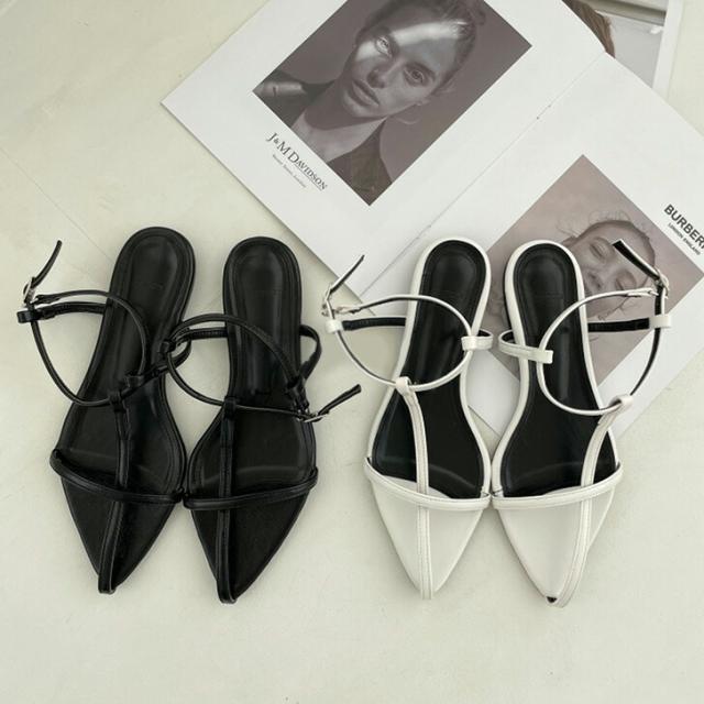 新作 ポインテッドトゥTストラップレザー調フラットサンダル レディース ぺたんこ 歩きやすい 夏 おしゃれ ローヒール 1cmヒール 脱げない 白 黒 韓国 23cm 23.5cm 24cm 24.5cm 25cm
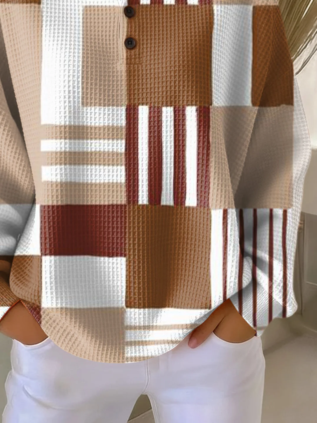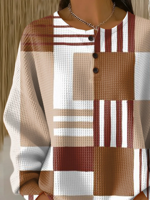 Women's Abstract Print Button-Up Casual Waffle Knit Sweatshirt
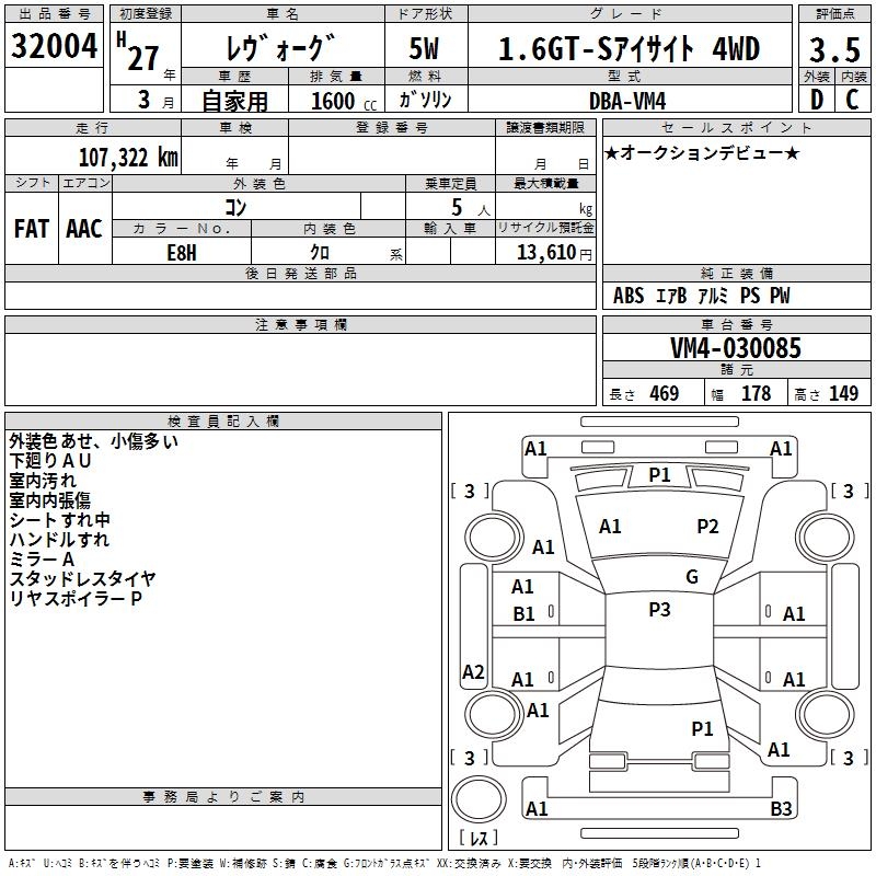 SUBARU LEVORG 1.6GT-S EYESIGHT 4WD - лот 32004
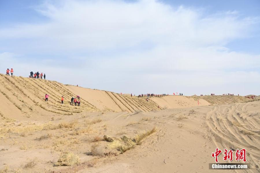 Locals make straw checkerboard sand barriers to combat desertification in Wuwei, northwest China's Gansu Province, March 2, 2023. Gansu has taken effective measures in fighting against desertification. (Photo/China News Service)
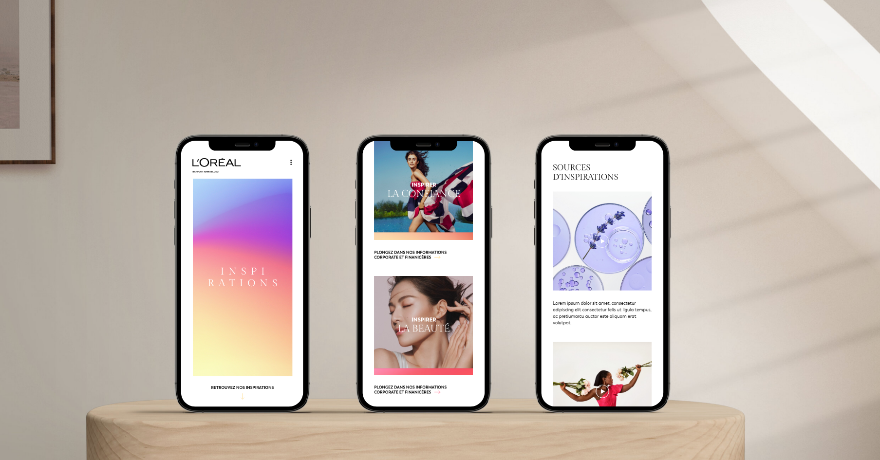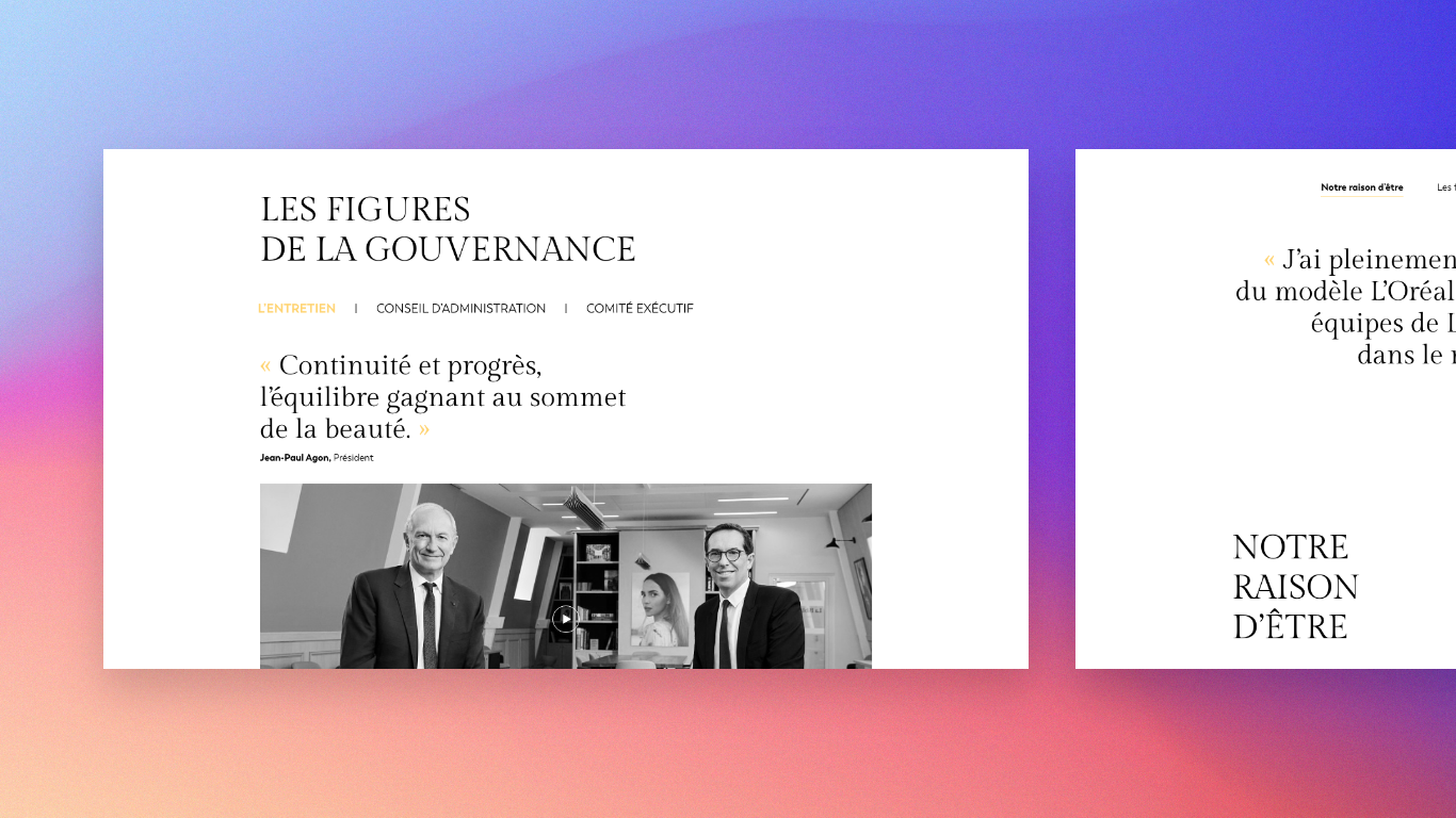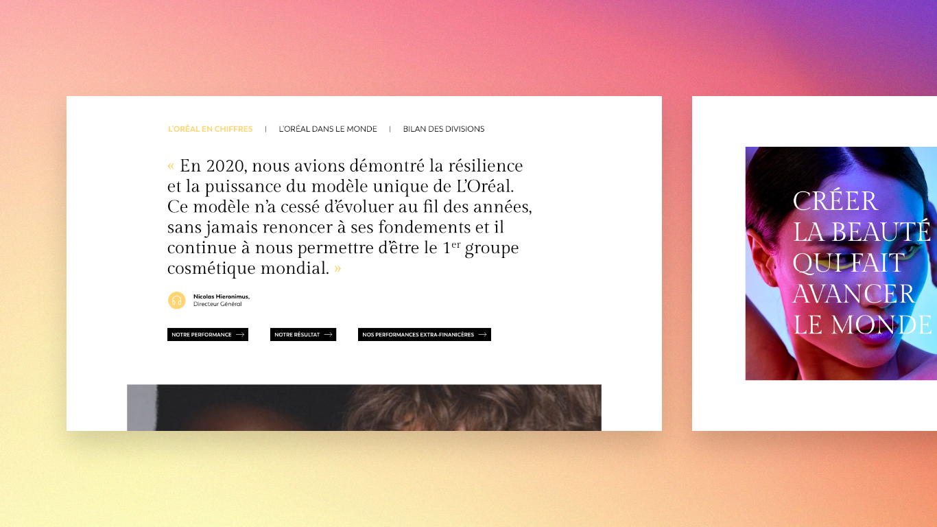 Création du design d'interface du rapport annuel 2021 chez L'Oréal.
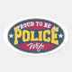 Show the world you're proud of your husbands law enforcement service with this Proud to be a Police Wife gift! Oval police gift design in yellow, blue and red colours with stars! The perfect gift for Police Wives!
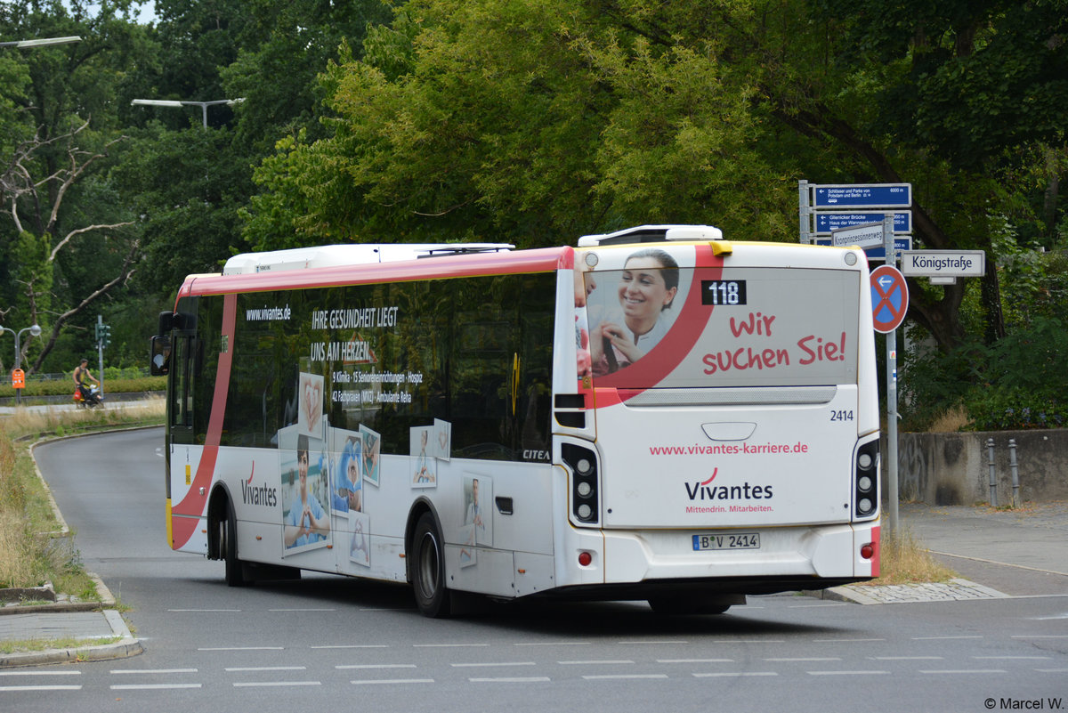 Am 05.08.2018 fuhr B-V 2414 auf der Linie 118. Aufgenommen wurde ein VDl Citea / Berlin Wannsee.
-=-=-=-=-
# [Task details]
No picture is to be included when the lines from the one containing "Show the world" through the end of the material above are output exactly; nothing else is written.

# [Written solution]
 Show the world you're proud of your husbands law enforcement service with this Proud to be a Police Wife gift! Oval police gift design in yellow, blue and red colours with stars! The perfect gift for Police Wives!
 Am 05.08.2018 fuhr B-V 2414 auf der Linie 118. Aufgenommen wurde ein VDl Citea / Berlin Wannsee.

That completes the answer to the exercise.